In [9]:
# dataviz
import holoviews as hv
from colorcet import fire
from holoviews import opts
from holoviews.element.tiles import EsriImagery
from holoviews.operation.datashader import datashade

# config holoviews
hv.extension('bokeh')
pw = 450
ph = 450
opts.defaults(opts.Scatter(width=pw, height=ph, color='blue'),
              opts.RGB(width=pw, height=ph),
              opts.Curve(width=pw))

In [1]:
import numpy as np
# taxi data
def latlng_to_meters(table, 
                     lat_pickup='pickup_latitude', lng_pickup='pickup_longitude', 
                     lat_dropoff='dropoff_latitude', lng_dropoff='dropoff_longitude'):
    # tag default shift
    origin_shift = 2 * np.pi * 6378137 / 2.0
    # remember columns we're not doing anything with 
    base_columns = '''VendorID, tpep_pickup_datetime, tpep_dropoff_datetime, passenger_count, 
                      trip_distance, RateCodeID, store_and_fwd_flag, payment_type, fare_amount, 
                      extra, mta_tax,  tip_amount, tolls_amount, improvement_surcharge, total_amount'''
    # convert lat/lng coords within focused area to meters and return w/ base columns as pickup/dropoff x/y 
    # origin_shift = 2 * np.pi * 6378137 / 2.0
    # mx = lng * origin_shift / 180.0
    # my = np.log(np.tan((90 + lat) * np.pi / 360.0)) / (np.pi / 180.0)
    # my = my * origin_shift / 180.0
    latlng_to_meters = f'''
                       select
                           {lng_pickup} * {origin_shift} / 180.0 AS pickup_x,
                           {lng_dropoff} * {origin_shift} / 180.0 AS dropoff_x,
                           
                           (90 + {lat_pickup}) * {np.pi} / 360.0 AS pickup_y,
                           (90 + {lat_dropoff}) * {np.pi} / 360.0 AS dropoff_y
                       from 
                           {table}
                           where
                                   {lng_pickup} < -73.75
                               and {lng_pickup} > -74.15

                               and {lng_dropoff} < -73.75
                               and {lng_dropoff} > -74.15

                               and {lat_pickup} > 40.68
                               and {lat_pickup} < 40.84

                               and {lat_dropoff} > 40.68
                               and {lat_dropoff} < 40.84
                               '''  # bottom half focuses coords, top half converts to meters & renames
    # run query & output results
    gdf = bc.sql(latlng_to_meters)
    # convert y columns w/ log
    for col in ['pickup_y', 'dropoff_y']:
        gdf[col] = np.log(np.tan(gdf[col])) / (np.pi / 180.0)
    return gdf

In [2]:
%%time
from blazingsql import BlazingContext
# start up BlazingSQL w/o memory pool
bc = BlazingContext(pool=False)

BlazingContext ready
CPU times: user 2.32 s, sys: 532 ms, total: 2.85 s
Wall time: 2.55 s


In [3]:
# %%time
# # copy csv download to new name (to use while downloading)
# !cp yellow_tripdata_2015-01.csv test_taxi.csv

In [4]:
%%time
# create nyc taxi table
bc.create_table('taxi_2015', '/home/jupyter-winston/turbo-telegram/test_taxi.csv', header=0)

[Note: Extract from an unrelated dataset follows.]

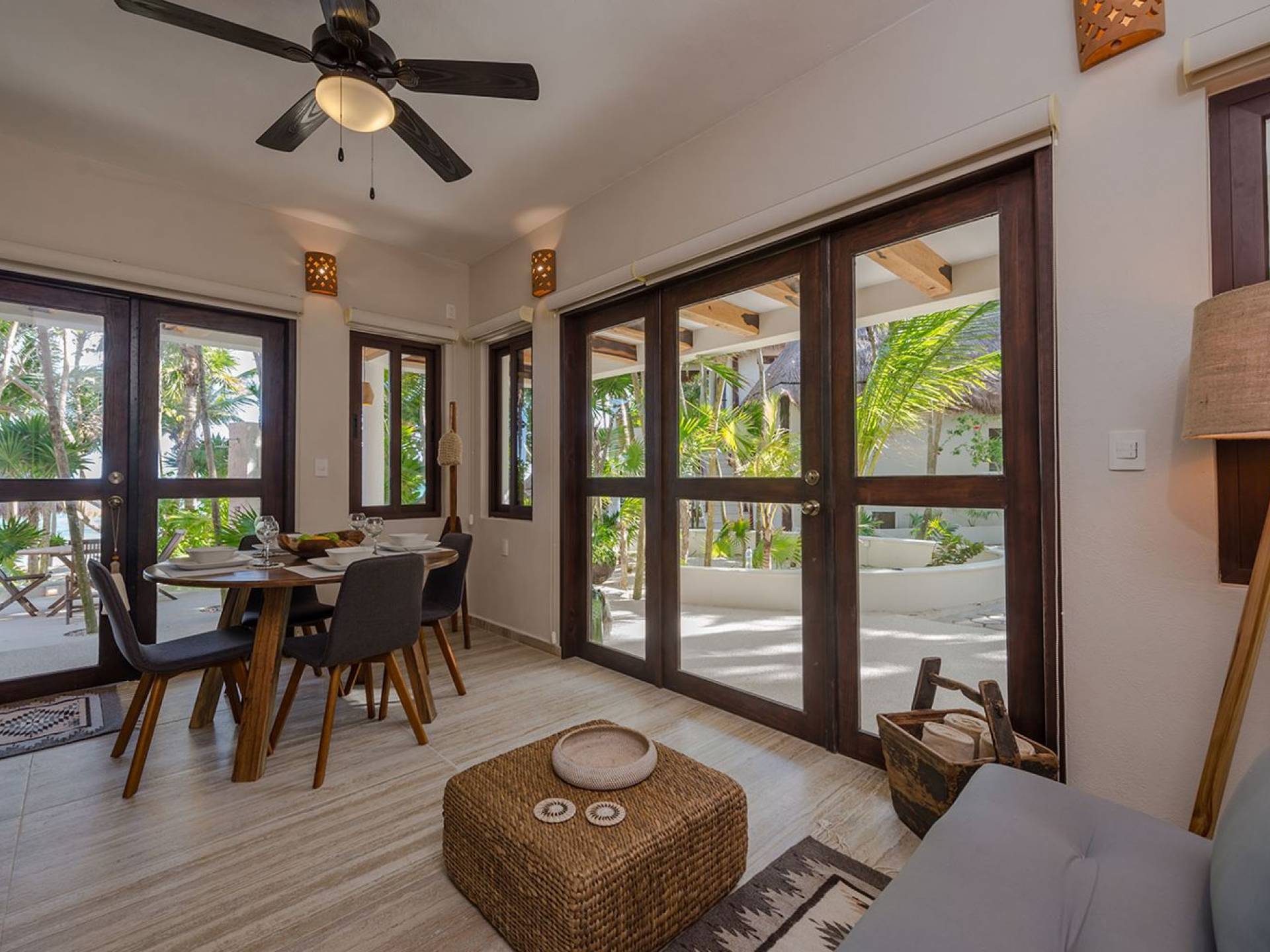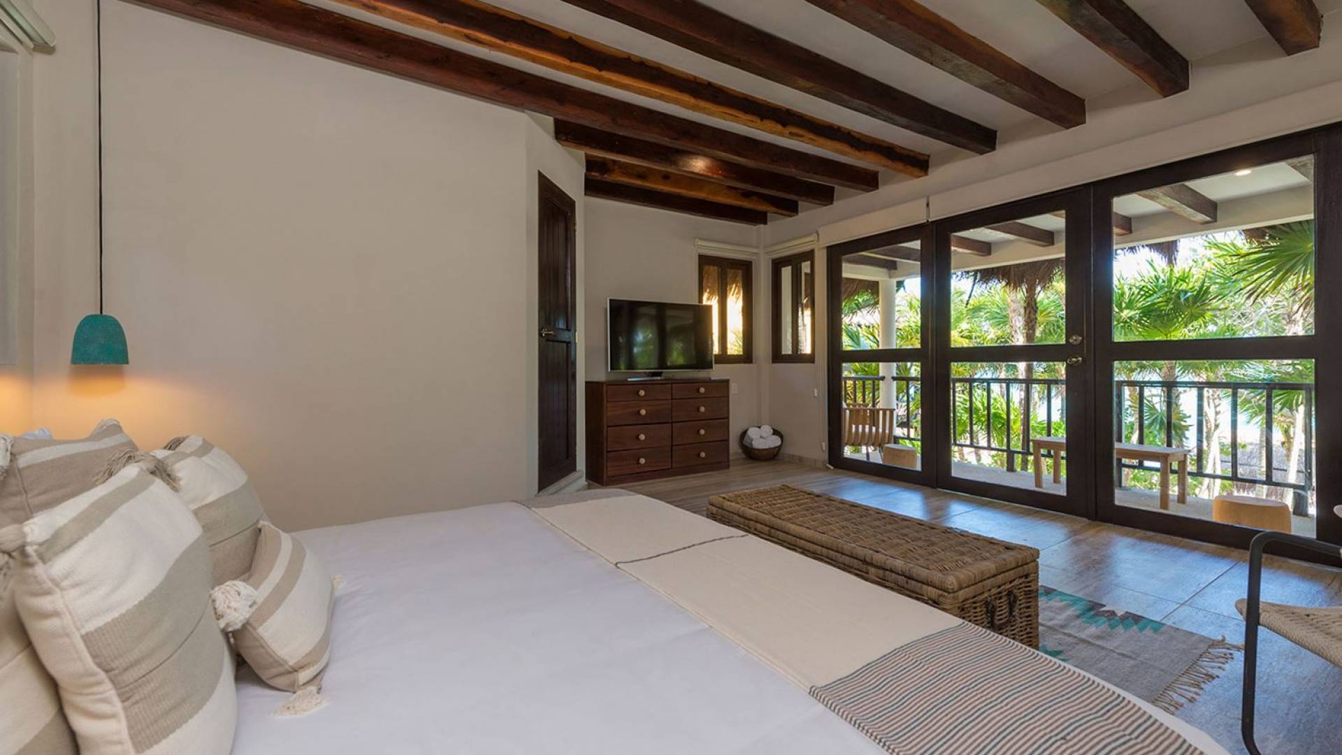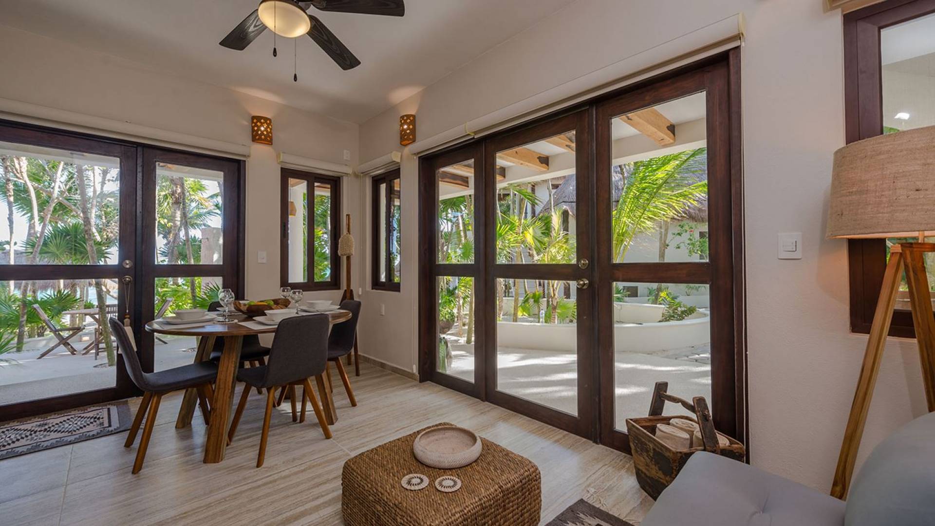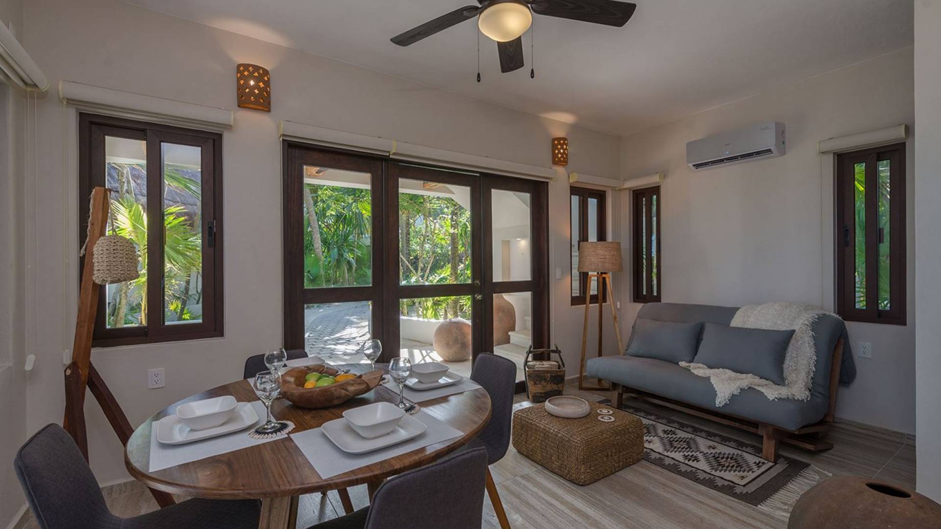 Corazon Tres Tulum est une location de villa de luxe avec 2 chambres et piscine partagée. Corazon Tres est plus isolé que les deux autres bungalows. Il est situé dans le jardin, à côté de la piscine. Il s'agit d'un bungalow paisible et écologique sur deux niveaux pouvant accueillir jusqu'à quatre personnes.

CPU times: user 5.72 ms, sys: 6.65 ms, total: 12.4 ms
Wall time: 11.6 ms


<pyblazing.apiv2.context.BlazingTable at 0x7f1bbc7bfd68>

In [5]:
%%time
# how many rows we lookin at?
print((len(bc.sql('select * from taxi_2015'))))
# how's they look?
bc.sql('select * from taxi_2015').tail(2)

12748986
CPU times: user 9.9 s, sys: 5.61 s, total: 15.5 s
Wall time: 15 s


Unnamed: 0,VendorID,tpep_pickup_datetime,tpep_dropoff_datetime,passenger_count,trip_distance,pickup_longitude,pickup_latitude,RateCodeID,store_and_fwd_flag,dropoff_longitude,dropoff_latitude,payment_type,fare_amount,extra,mta_tax,tip_amount,tolls_amount,improvement_surcharge,total_amount
12748984,1,2015-01-10 19:01:44,2015-01-10 19:17:03,1,1.3,-73.999565,40.738483,1,N,-73.981819,40.737652,1,10.5,0.0,0.5,2.25,0.0,0.3,13.55
12748985,1,2015-01-10 19:01:45,2015-01-10 19:07:33,1,0.7,-73.96035,40.766399,1,N,-73.968643,40.760777,2,5.5,0.0,0.5,0.0,0.0,0.3,6.3


In [6]:
# gdf = bc.sql('select * from taxi_2015')
# type(gdf['pickup_latitude'][1])

In [7]:
gdf = latlng_to_meters('taxi_2015')

In [8]:
# # save the top 100k for testing
# gdf.head(100000).to_csv('data/test_bsql_converted_taxi.csv')

In [13]:
# read in the csv that was just created 
bc.create_table('test_taxi', '/home/jupyter-winston/turbo-telegram/data/test_bsql_converted_taxi.csv', header=0)
# tag location columns as dataframe
gdf = bc.sql('select pickup_x, pickup_y, dropoff_x, dropoff_y from test_taxi')

In [14]:
try:
    gdf = gdf.to_pandas()
except:
    print('already pandas')
# focus pickup or dropoff location 
loc = 'Pickup Location'
if loc == 'Pickup Location':
    points = hv.Points(gdf, ['pickup_x', 'pickup_y'])
else:
    points = hv.Points(gdf, ['dropoff_x', 'dropoff_y'])
# graph it
taxi_trips = datashade(points, x_sampling=1, y_sampling=1, cmap=fire, width=900, height=480)
# overlay NYC map & display the graph
map_tiles = EsriImagery().opts(alpha=0.5, width=900, height=480, bgcolor='black')
display(map_tiles * taxi_trips)

already pandas


# these work

In [15]:
# these work
bc.create_table('working_taxi', '/home/jupyter-winston/turbo-telegram/data/nyc_taxi_jan15.csv', header=0)
gdf = bc.sql('select pickup_x, pickup_y, dropoff_x, dropoff_y from working_taxi')
gdf.head()

Unnamed: 0,pickup_x,pickup_y,dropoff_x,dropoff_y
0,-8236963.0,4975553.0,-8234835.0,4975627.0
1,-8237032.0,4974966.0,-8232400.0,4978957.0
2,-8235830.0,4977330.0,-8239167.0,4968526.0
3,-8236971.0,4971216.0,-8239151.0,4969390.0
4,-8236335.0,4973690.0,-8236813.0,4977527.0


In [16]:
try:
    gdf = gdf.to_pandas()
except:
    print('already pandas')
points = hv.Points(gdf, ['pickup_x', 'pickup_y'])
taxi_trips = datashade(points, x_sampling=1, y_sampling=1, cmap=fire, width=900, height=480)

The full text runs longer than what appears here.